Predictors of Impaired Reperfusion in ST-Elevation Myocardial Infarction Treated with Primary PCI: Preliminary Results from COMA.NET Project

Diagnostics 2026, 16(1), 149; https://doi.org/10.3390/diagnostics16010149
by Maciej Południewski *, Emil Julian Dąbrowski, Piotr Pogorzelski, Michał Łuczaj, Julia Kobylińska, Joanna Kruszyńska, Marcin Kożuch and Sławomir Dobrzycki
Reviewer 1:
Reviewer 2: Anonymous
Diagnostics 2026, 16(1), 149; https://doi.org/10.3390/diagnostics16010149
Submission received: 11 December 2025 / Revised: 26 December 2025 / Accepted: 31 December 2025 / Published: 2 January 2026

Round 1

Reviewer 1 Report

Comments and Suggestions for Authors

Abstract: is in structural form generally well written.

Keywords: OK.

Introduction:  well written, explained in logical order in detail, addressing to “what we know” so far and what is unclear about no reflow phenomenon.

Materials and Methods

Chapter is well written, study design, study period, inclusion and exclusion criteria, procedure with participant and statistical methods ate very good described, it is possible to repeat study according to description. I have two quwstions:

  1. Why 24 h is used as maximum time of symptom onset and not 48h ?
  2. Why patient preloaded with prasugrel or ticargelor were excludes (ESC guidelines prefer listed over clopidogrel which was allowed) ?

Results are well presented in understandable way to reader including tables and figures.  

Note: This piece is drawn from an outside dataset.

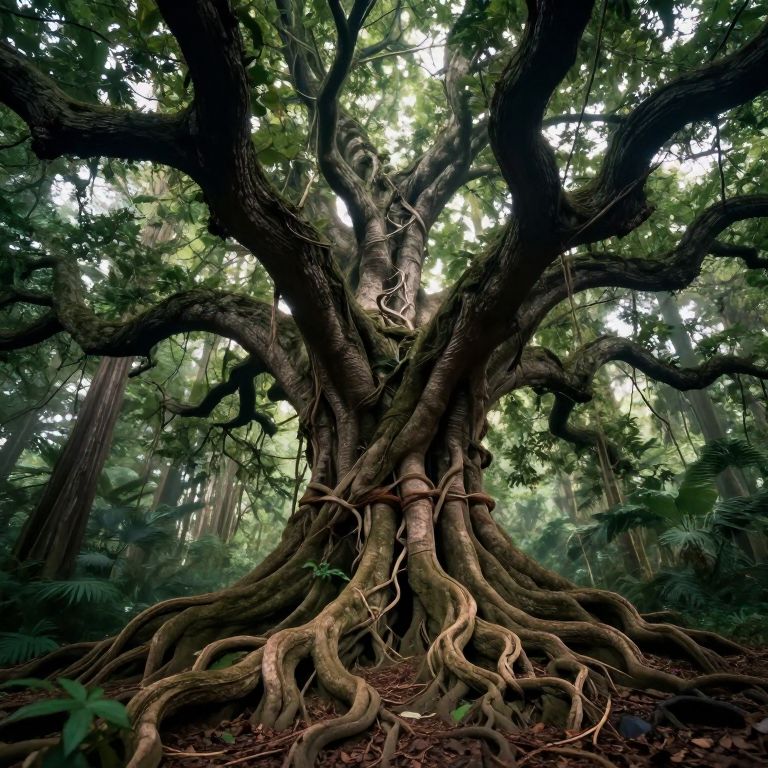 A massive, ancient tree with thick, twisted branches and sprawling roots in a dense, mystical forest. The tree's gnarled limbs extend outward and upward, surrounded by lush green foliage and a foggy, magical atmosphere, creating a sense of wonder and fantasy.

Discussion is excellent, authors addressed to theirs results point by point with relevant references pointing concordance and differences as well as study limitations.

Conclusion: is well written with clear “take home messages” – educational especially about lesion predilataion.

Literature: well written, no instructions.

Author Response

Reviewer 1.

Abstract: is in structural form generally well written.

Keywords: OK.

Introduction:  well written, explained in logical order in detail, addressing to “what we know” so far and what is unclear about no reflow phenomenon.

Materials and Methods

Chapter is well written, study design, study period, inclusion and exclusion criteria, procedure with participant and statistical methods ate very good described, it is possible to repeat study according to description. I have two quwstions:

1. Why 24 h is used as maximum time of symptom onset and not 48h ?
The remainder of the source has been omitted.